Live pig prices remain on sidelines in Brazil
The year is in its final stretch, and live pig prices are not taking off in Brazil, reflecting a situation of high supply and challenges in terms of domestic demand, even with attractive prices. The average kilogram of live pigs traded in the Center-South of the country moved sideways between January and October this year. The average price of a live kilogram (preliminarily) in October is BRL 5.99, down 5.74% from the same month last year, when it was at BRL 6.35.
Another noteworthy point is that the price curve for this second half of the year is below that of 2020, 2021, and 2022. There is an expectation of a more favorable environment for prices in the last two months of the year, considering the entry of the thirteenth salary and other bonuses in the economy due to festivities in December; the creation of temporary jobs is another aspect that generates a positive impact on demand. In addition, retailers can seek stock adjustments to meet demand during the period. However, the price curve should close below previous years.
Why are prices unable to advance in Brazil if Brazilian exports are strong and domestic availability is expected to advance discreetly in 2023? According to SAFRAS estimates, availability should close this year at 4.024 mln tons, an increase of 0.38% compared to 4.009 mln tons in 2022. Brazilian exports are largely responsible for this year’s availability adjustment, considering that it must close 2023 with an increase of 8.22%, at 1.187 mln tons, against the 1.097 mln tons shipped last year. Exports are mopping up this year’s production surpluses. Brazil’s 2023 production is estimated at 5.211 mln tons, compared to 5.106 mln tons last year, an increase of 2.06%.
The big issue is not the measured increase in availability this year, but rather the meat supply in Brazil, which has advanced significantly over the last few years, and so far the domestic market has not been able to adapt to the point where prices have increased. It is also worth mentioning that even with affordable prices, pork still ranks third in the preference of the population.
The attached graph shows the evolution of slaughter over recent years. The annual slaughter of pigs in Brazil is expected to close this year with an increase of nearly 8 mln head compared to 2018, pointing out that the data for 2023 are still estimates. From 2019 onward there has been a great increase in investments in Brazil due to the expectation of China’s advance, which actually happened for a period, but the Chinese have already recovered their herds and are operating with less impetus in imports at this time. It is worth noting that a new increase in slaughter is expected in 2024, estimated at 48.960 mln head against the 48.329 mln head expected for this year. The positive point is that there is a slowdown in the rate of slaughter.

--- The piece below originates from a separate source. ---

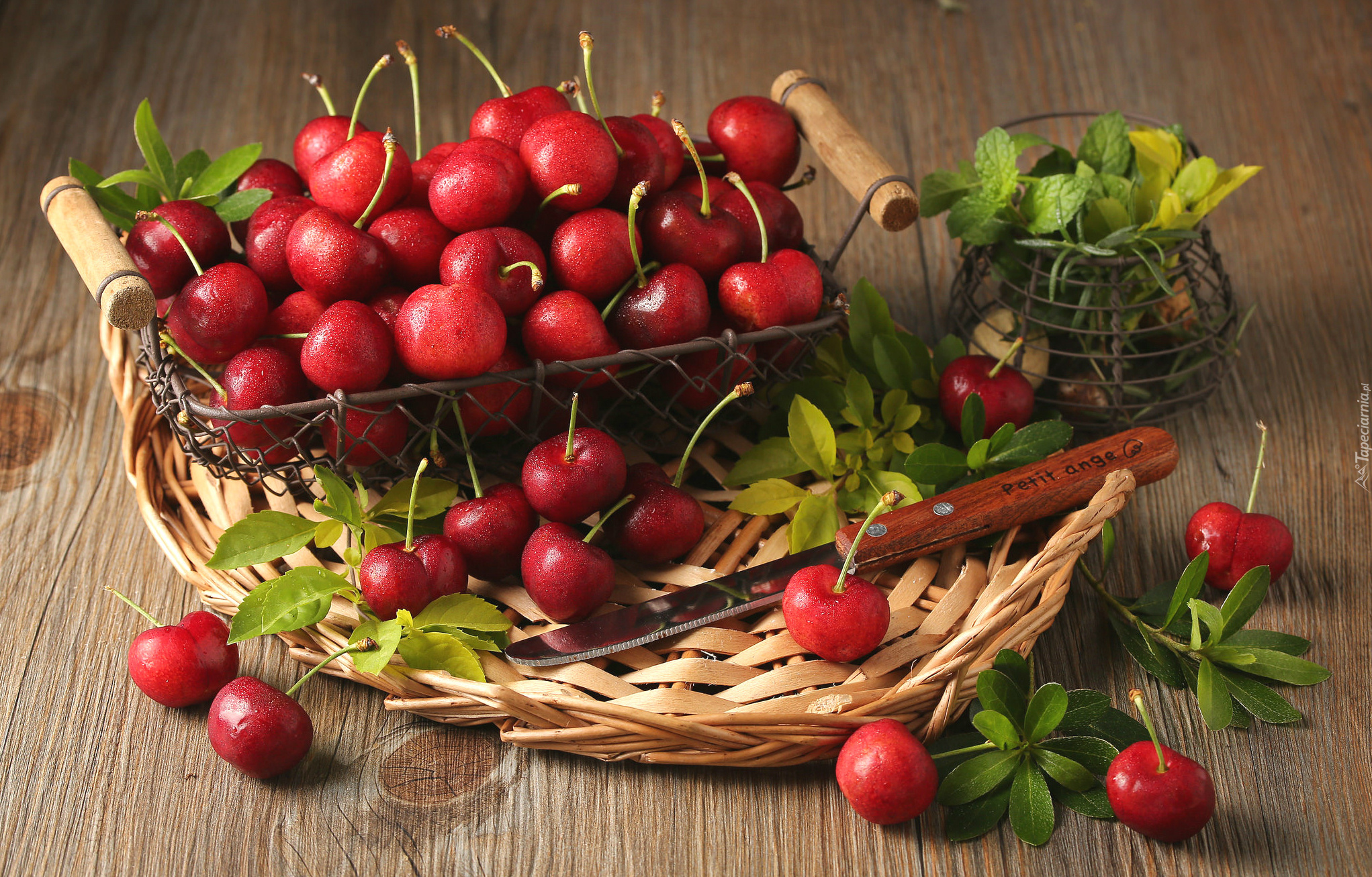 Edytor tapety: Czereśnie w koszyku i na słomianej podkładce

Another issue that weighs on the dynamics of live pig negotiations in this second half of the year is the price per ton of pork exported, which has been falling for months, which is bad for the industry’s margins. The volumes exported by Brazil are significant but with prices under pressure. The low price of Brazilian pork is a major differentiator and accounts for this year’s positive results. The European Union, which in recent history is the largest global pork exporter, suffers from high prices due to tight supply, reducing its attractiveness, so Brazil has been able to compete in more markets, especially in Asia.

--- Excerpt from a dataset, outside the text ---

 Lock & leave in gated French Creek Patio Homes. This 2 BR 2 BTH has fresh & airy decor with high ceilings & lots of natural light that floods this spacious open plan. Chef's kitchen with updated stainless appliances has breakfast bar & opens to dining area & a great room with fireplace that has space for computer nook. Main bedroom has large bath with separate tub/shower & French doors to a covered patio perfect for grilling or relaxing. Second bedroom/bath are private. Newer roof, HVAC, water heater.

For the first quarter of 2024, the scenario for Brazilian pig farming should be more challenging than the current moment, considering that pork supply will remain high and demand typically decreases due to seasonal effects. Slaughter will continue to grow, even at a slower pace in 2024, but the average weight of animals may increase due to lower costs than in recent years. It is worth considering that the new soybean crop will be large, barring weather conditions. Corn has fallen significantly since mid-March/2023 and, as a result, the exchange ratio with pigs has improved considerably. Therefore, it is natural to expect an easing of weight-related adjustment measures as seen in the first half of this year.